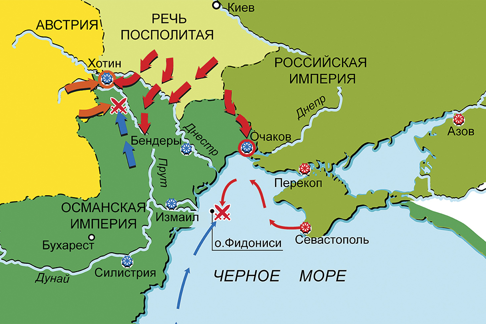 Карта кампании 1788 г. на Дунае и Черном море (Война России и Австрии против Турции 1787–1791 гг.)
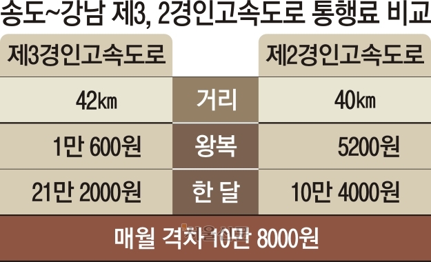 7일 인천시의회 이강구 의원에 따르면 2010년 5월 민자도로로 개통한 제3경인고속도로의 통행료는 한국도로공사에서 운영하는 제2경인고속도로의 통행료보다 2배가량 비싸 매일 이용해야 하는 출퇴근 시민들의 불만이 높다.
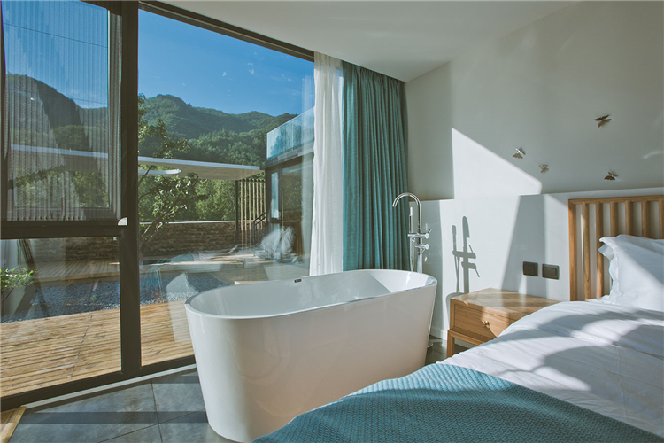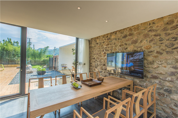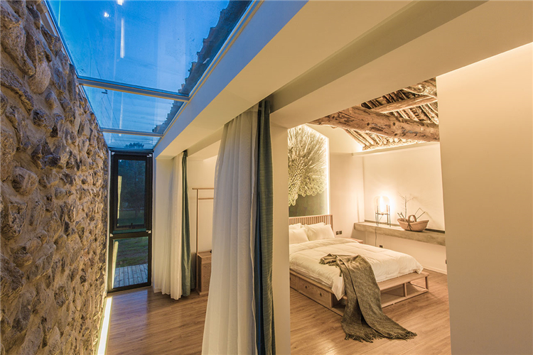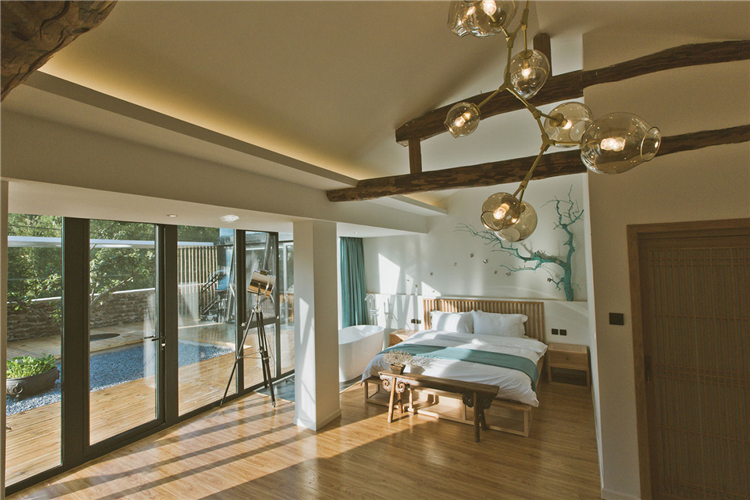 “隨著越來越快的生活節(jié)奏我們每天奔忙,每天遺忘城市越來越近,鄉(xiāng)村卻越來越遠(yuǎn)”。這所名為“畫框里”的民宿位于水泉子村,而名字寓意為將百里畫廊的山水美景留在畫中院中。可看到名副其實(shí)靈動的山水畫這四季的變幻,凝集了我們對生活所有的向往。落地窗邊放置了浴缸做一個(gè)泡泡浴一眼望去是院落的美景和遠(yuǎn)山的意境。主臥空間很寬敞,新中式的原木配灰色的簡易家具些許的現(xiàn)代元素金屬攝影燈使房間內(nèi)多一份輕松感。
▬▬▬
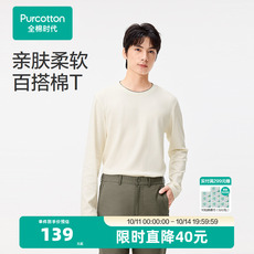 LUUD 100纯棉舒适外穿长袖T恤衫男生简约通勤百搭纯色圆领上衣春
▬▬▬
What you should do -> Your answer is the exact run of lines above from the one with "Карта кампании 1788" through the one with "7일 인천시의회 이강구", both ends included, minus any picture.

Output for this task ->
 Карта кампании 1788 г. на Дунае и Черном море (Война России и Австрии против Турции 1787–1791 гг.)
 7일 인천시의회 이강구 의원에 따르면 2010년 5월 민자도로로 개통한 제3경인고속도로의 통행료는 한국도로공사에서 운영하는 제2경인고속도로의 통행료보다 2배가량 비싸 매일 이용해야 하는 출퇴근 시민들의 불만이 높다.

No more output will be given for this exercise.